*** Opening of Exercise data ***
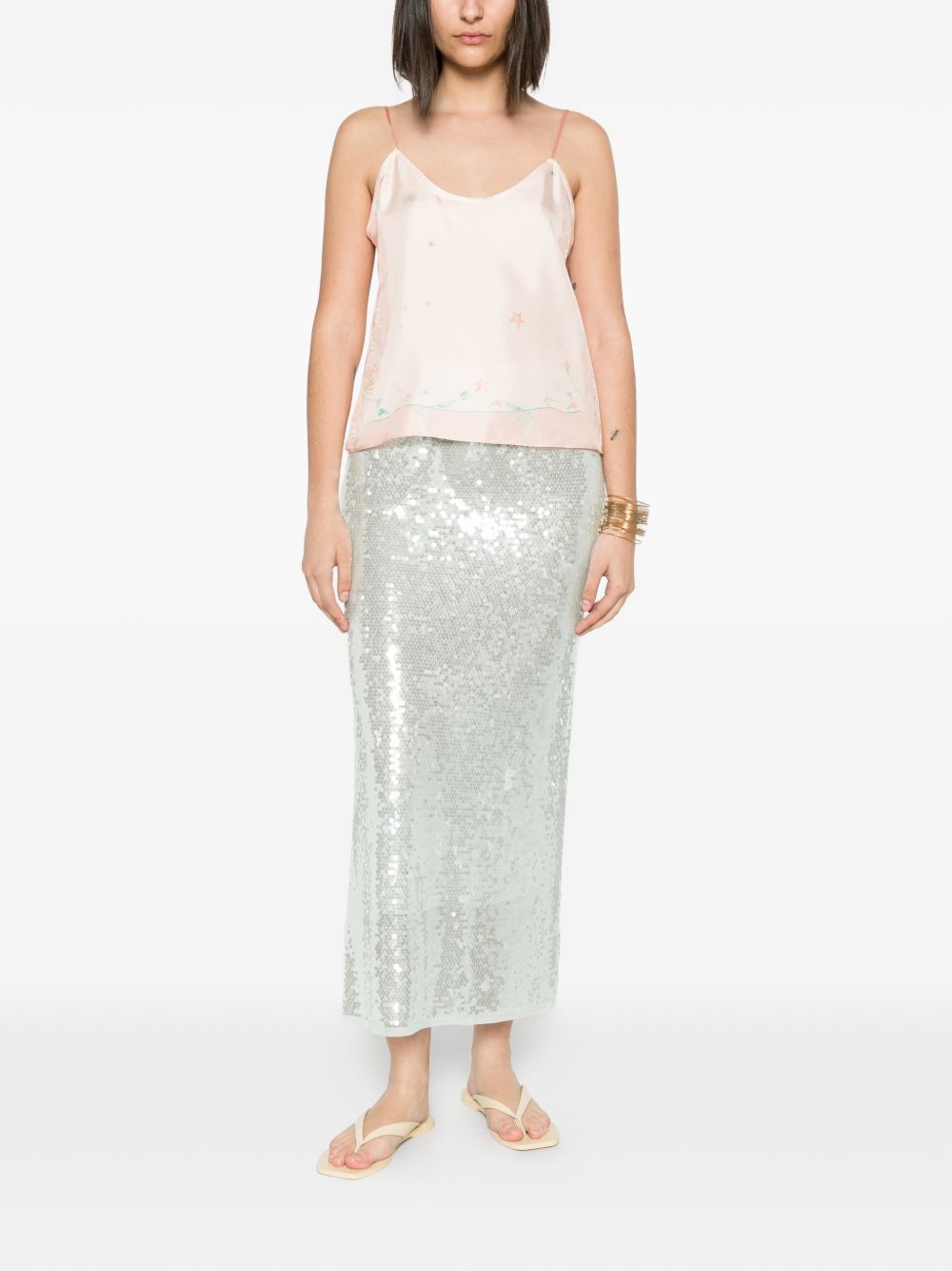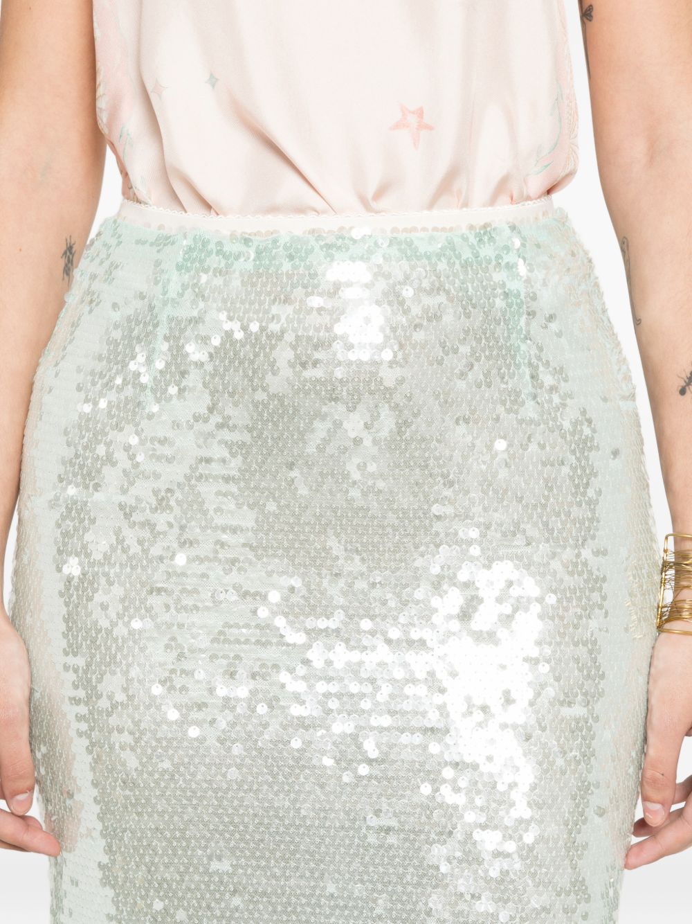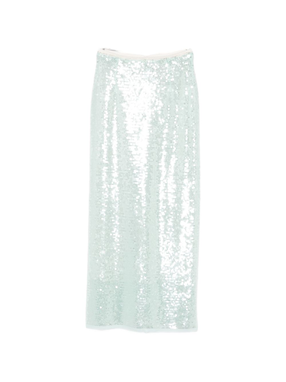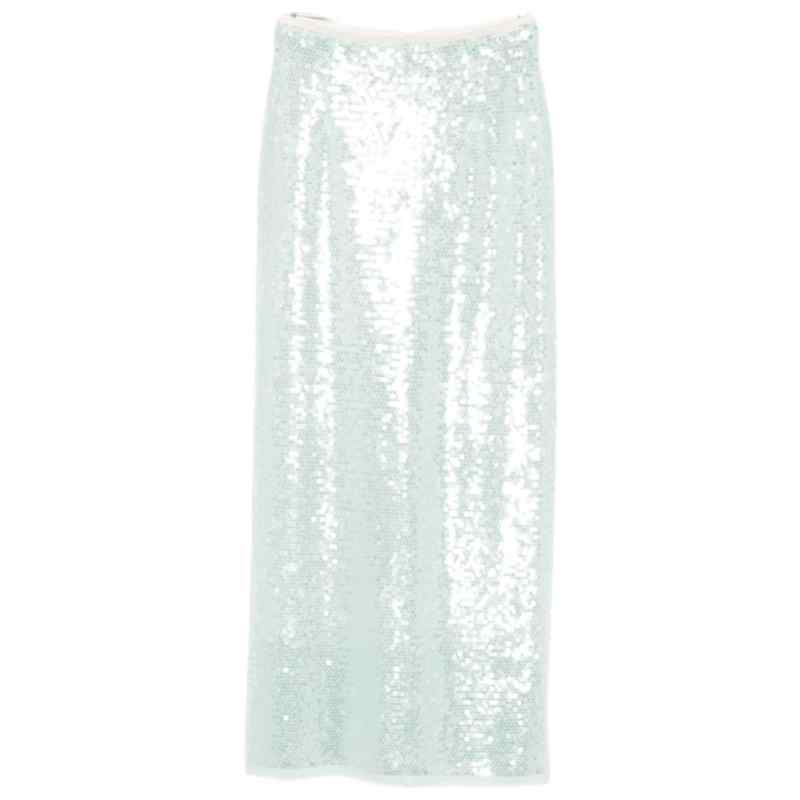 green sequin embellishment elasticated waistband straight hem midi length Sequined long skirt.
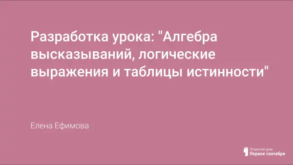 Представлен конспект урока "Алгебра высказываний. Логические выражения и таблицы истинности".
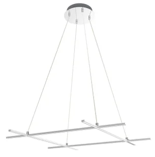Parametry: Styl: nowoczesny Materiał: zawiesie metalowe na linkach, korpus metalowy +akryl Kolor: srebrny Liczba boków: 4 Źródło światła: Led zintegrowany Źródło światła w komplecie:
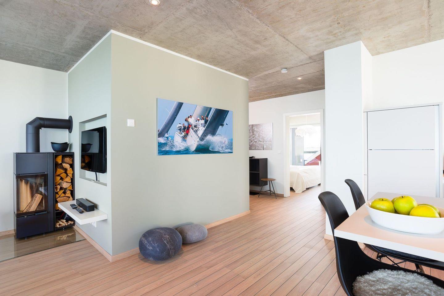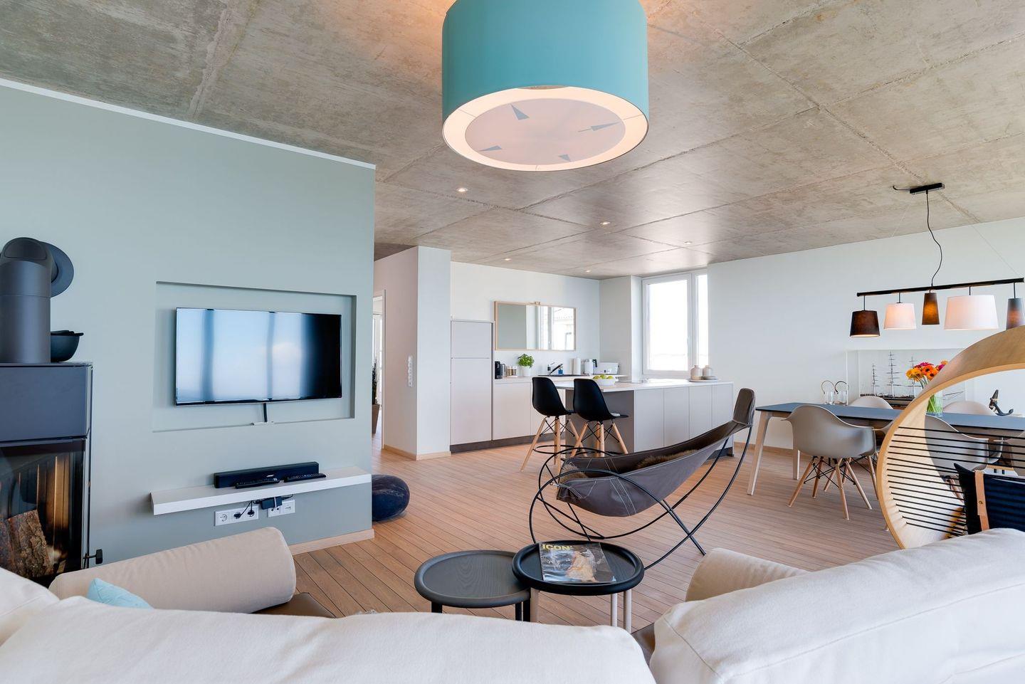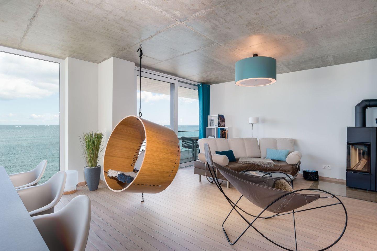 Auch bei schlechtem Wetter bietet die Wohnung allen Komfort. Auch bei schlechtem Wetter laden ein Kamin, eine finnische Sauna und ein Ruhebereich mit Blick auf die freie Ostsee zum Entspannen und ein.
*** Close of Exercise data ***
[Task] Word for word, restate all of the data, but do not copy the pictures.

[Answer space]
 green sequin embellishment elasticated waistband straight hem midi length Sequined long skirt.
 Представлен конспект урока "Алгебра высказываний. Логические выражения и таблицы истинности".
Parametry: Styl: nowoczesny Materiał: zawiesie metalowe na linkach, korpus metalowy +akryl Kolor: srebrny Liczba boków: 4 Źródło światła: Led zintegrowany Źródło światła w komplecie:
 Auch bei schlechtem Wetter bietet die Wohnung allen Komfort. Auch bei schlechtem Wetter laden ein Kamin, eine finnische Sauna und ein Ruhebereich mit Blick auf die freie Ostsee zum Entspannen und ein.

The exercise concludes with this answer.